Anni fa, anni 80, avemmo l’occasione di andare in Canada, a Montreal.
Ci prenotarono il volo per il 17 giugno e noi che eravamo giovani e tenevamo altro a che penzà neanche ci facemmo caso. Lo notammo pero’ sull’aereo, un Boeing da 400 posti semivuoto.
Passammo tutto il tempo del viaggio a spostarci da una poltrona all’altra, a sdraiarci su piu’ poltrone e sbevazzando e mangiucchiando di tutto. Realizzammo quanto eravamo stati fortunati al ritorno, su in Jumbo pieno come un uovo, con neonati frignanti a tempo pieno.
Andando oltreoceano, partendo di giorno, il fuso orario regala una giornata interminabile e giunti a Montreal e sbarcati i bagagli in albergo, cominciammo subito a girare per la città, arrivando persino a scalare il Mont Royal da cui la città prende il nome. Andammo a dormire a mezzanotte ora locale, ma mi svegliai alle 5 del mattino sempre ora locale con una madonna di fame e la colazione che mi servirono alle 7 fu poco piu’ che uno stuzzichino.
Ma parlerò di Montreal un’altra volta, ora volevo raccontare del viaggio che facemmo a Quebec, che dista 200 km da Montreal in uno di quei pulman tutti di acciaio con il levriero disegnato, i Greyhounds.
Era il 24 giugno, San Giovanni. La città costruita con edifici e castelli in stile francese, sulla riva del San Lorenzo, ci accolse con un caldo appiccicoso.
La festa di san Giovanni è molto sentita nel Quebec e per l’occasione avevano organizzato un concerto che durava tre giorni, sullo stile di Woodstock.

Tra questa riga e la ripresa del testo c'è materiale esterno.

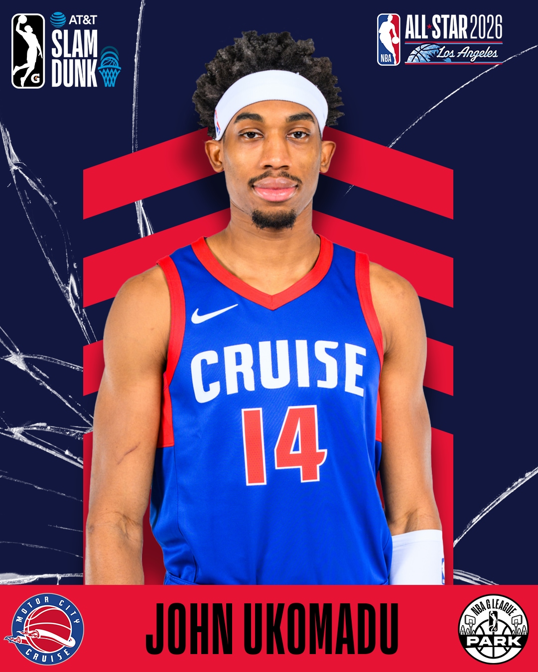 The NBA G League announced the four players who will be participating in 2026 NBA G League AT&T Slam Dunk during NBA All-Star Weekend in Los Angeles. Motor City Cruise forward John Ukomadu will return to the event after participating in last year's contest. He is joined by Mark Armstrong of the Texas Legends, Gabe McGlothan of the Noblesville Boom and RJ Meléndez of the Mexico City Capitanes.

C’erano dei prati enormi alle spalle del castello, gente seminuda con frigo portatili al seguito, con cibarie e bevande in quantità industriali, ragazzi hippie truccati e tatuati. Vino, birra e canne circolavano senza problemi e un posto di soccorso attrezzato era lì in attesa.



Decine di gruppi si avvicendavano sul palco, con torri di amplificatori che sparavano decibel addosso ai partecipanti all’happening. Sembrava di fare un salto all’indietro ed io sognavo di sentire Janis Joplin, Hendrix, Santana, The Who, Joe Cocker, i Jefferson Airplane e Alvin Lee dei Ten Years After.



La sera tardi, tornando in albergo (ma la musica continuava) nelle stradine strette che rassomigliavano a Montmartre con i nomi francesi sulle tabelle stradali, ci sembrò di sentire una musica che si avvicinava. E dopo un po’ spuntarono dai vicoli una folla di persone che suonavano e cantavano e correndo si tenevano per mano in una lunga catena. Giunti alla nostra altezza ci afferrarono le mani e ci inglobarono nella catena, in un girotondo interminabile. Ci fermammo alla fine senza fiato in tutt’altro posto della città, sperduti, increduli e confusi, mentre il resto della catena si allontanava com’era venuta. Sembrava un sogno. Per fortuna la città di Quebec non è molto grande e il fiume aiuta ad orientarsi, così ritrovammo facilmente la via di casa.
Ancora oggi ricordando quella sera non sono sicura di non averla sognata.